Le dépôt de garantie

Le régime juridique du dépôt de garantie dans les baux commerciaux

Le dépôt de garantie constitue une pratique courante dans les baux commerciaux. Il s’agit d’une somme d’argent versée par le locataire au bailleur lors de la signature du bail, destinée à garantir l’exécution de ses obligations contractuelles. Bien que le Code de commerce encadre certains aspects de ce mécanisme, notamment à travers les articles L145-40 et L145-107, le régime juridique du dépôt de garantie reste relativement souple, laissant une large place à la liberté contractuelle.

1. Fonction et caractère facultatif

Le dépôt de garantie n’est pas obligatoire. Il résulte d’un accord entre les parties. Sa fonction principale est de couvrir les manquements du locataire, tels que les loyers impayés ou les dégradations. Par exemple, un bailleur peut retenir une partie du dépôt si des réparations sont nécessaires à la fin du bail, à condition de les justifier (factures, constats d’huissier, etc.).

2. Montant maximal autorisé

Aucune règle ne vient fixer le montant du dépôt de garantie dans le Code de commerce, ce qui signifie que les parties au bail, bailleur et preneur, sont libres de fixer son montant. En pratique toutefois, le montant demandé par le bailleur est souvent limité à deux termes de loyers puisqu’au-delà de ce seuil, les sommes versées d’avance portent obligatoirement intérêt au profit du locataire. Ceci découle de l’article L.145-40 du Code de commerce, disposant que : “Les loyers payés d’avance, sous quelque forme que ce soit, et même à titre de garantie, portent intérêt au profit du locataire, au taux pratiqué par la Banque de France pour les
avances sur titres, pour les sommes excédant celle qui correspond au prix du loyer de plus de deux termes”.
Le loyer payé d’avance, le dépôt de garantie et le pas de porte doivent être compris dans les « sommes versées d’avance au bailleur ». Ainsi si le loyer est payable par trimestre, c’est le trimestre qui constitue le terme. Le bailleur peut donc obtenir un trimestre de loyer d'avance et un trimestre de dépôt de garantie ou deux trimestres de dépôt de garantie si le loyer est payable à terme échu.

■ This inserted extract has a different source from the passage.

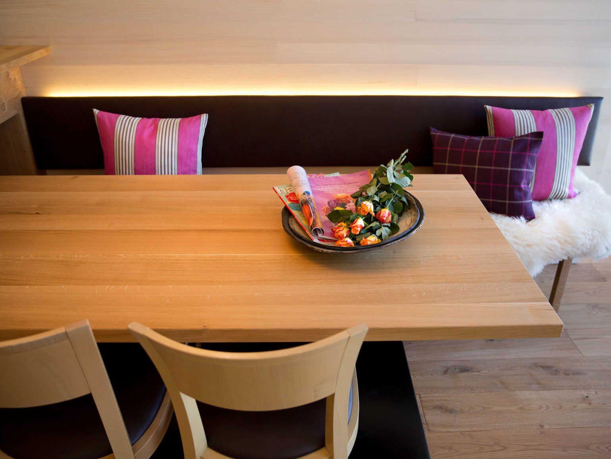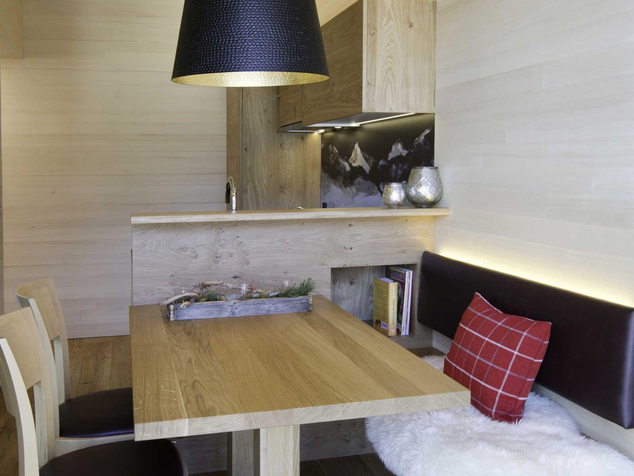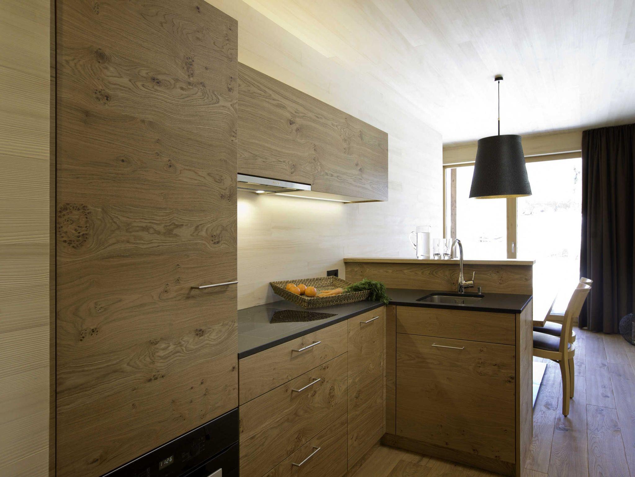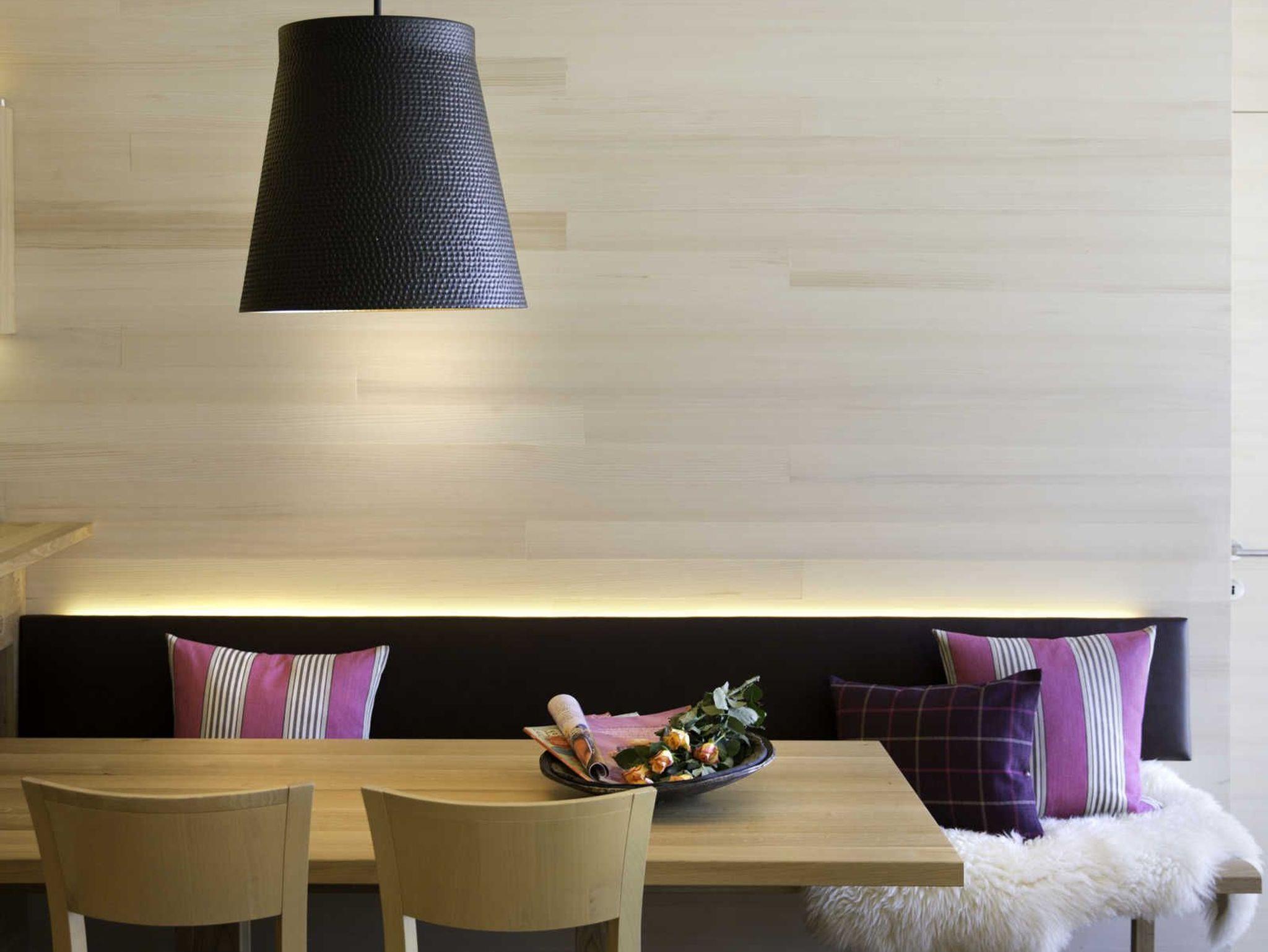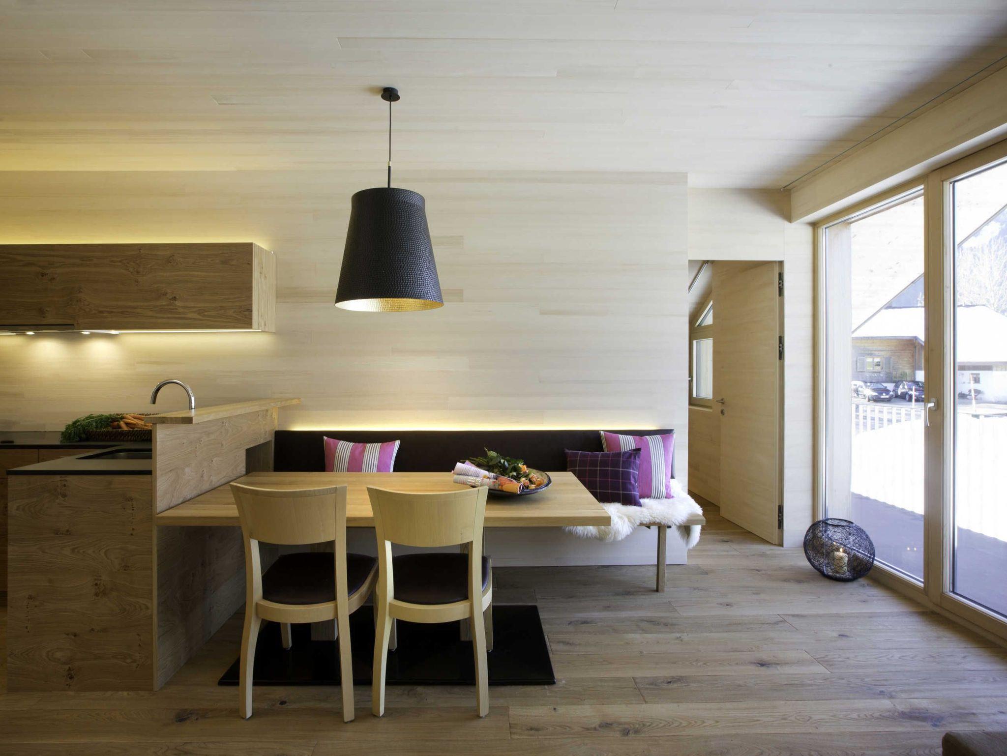 Alle Apartments sind mit hochwertigen Holzböden (Eiche Parkett), Wandvertäfelungen aus heimischer Weißtanne, Decken aus heimischer Weißtanne und Lehmputz ausgestattet.

Si le loyer est mensuel, c’est le mois qui constitue le terme et le bailleur peut obtenir un mois de loyer d’avance et un mois de dépôt de garantie ou deux mois de dépôt de garantie si le loyer est payable à terme échu.

3. Versement d’intérêts

Selon l’article L145-40 du Code de commerce, lorsque le dépôt de garantie excède deux termes de loyer payés d’avance, le bailleur est tenu de verser des intérêts au locataire sur la portion excédentaire, au taux légal. Cette règle est d’ordre public. Par exemple, si un dépôt équivaut à trois mois de loyer, des intérêts doivent être versés sur le troisième mois. Lajurisprudence (Civ. 3e, 7 mai 2025, n° 23-15.394) a confirmé que cette obligation s’applique même si le contrat stipule le contraire.

4. Restitution du dépôt

La loi de 2025 impose un délai maximal de trois mois après la remise des clés pour restituer le dépôt. Le bailleur peut déduire les sommes dues, à condition qu’elles soient justifiées. En cas de litige, le locataire peut saisir le tribunal judiciaire. Par exemple, si le bailleur refuse de restituer le dépôt sans justification, le locataire peut obtenir sa restitution avec intérêts de retard.

5. Responsabilité en cas de cession

En cas de cession du bail, le bailleur initial reste responsable de la restitution du dépôt, sauf accord exprès du locataire. Cette règle protège le locataire contre les pertes liées à un changement de propriétaire. Le cédant peut toutefois demander au cessionnaire de lui rembourser le montant du dépôt.

6. Sanctions et contentieux

Le non-respect des règles relatives au dépôt de garantie peut entraîner des sanctions. Par exemple, une clause prévoyant un dépôt supérieur au plafond légal est réputée non écrite. En cas de non-restitution injustifiée, le bailleur peut être condamné à verser des dommages-intérêts. La jurisprudence récente montre une tendance à renforcer la protection du locataire dans ce domaine.

Conclusion

Le régime du dépôt de garantie dans les baux commerciaux repose sur un équilibre entre liberté contractuelle et protection du locataire. Les réformes récentes, notamment celles de 2025, ont renforcé l’encadrement légal afin de prévenir les abus. Il est essentiel pour les parties de bien rédiger les clauses relatives au dépôt de garantie et de respecter les obligations légales pour éviter tout contentieux.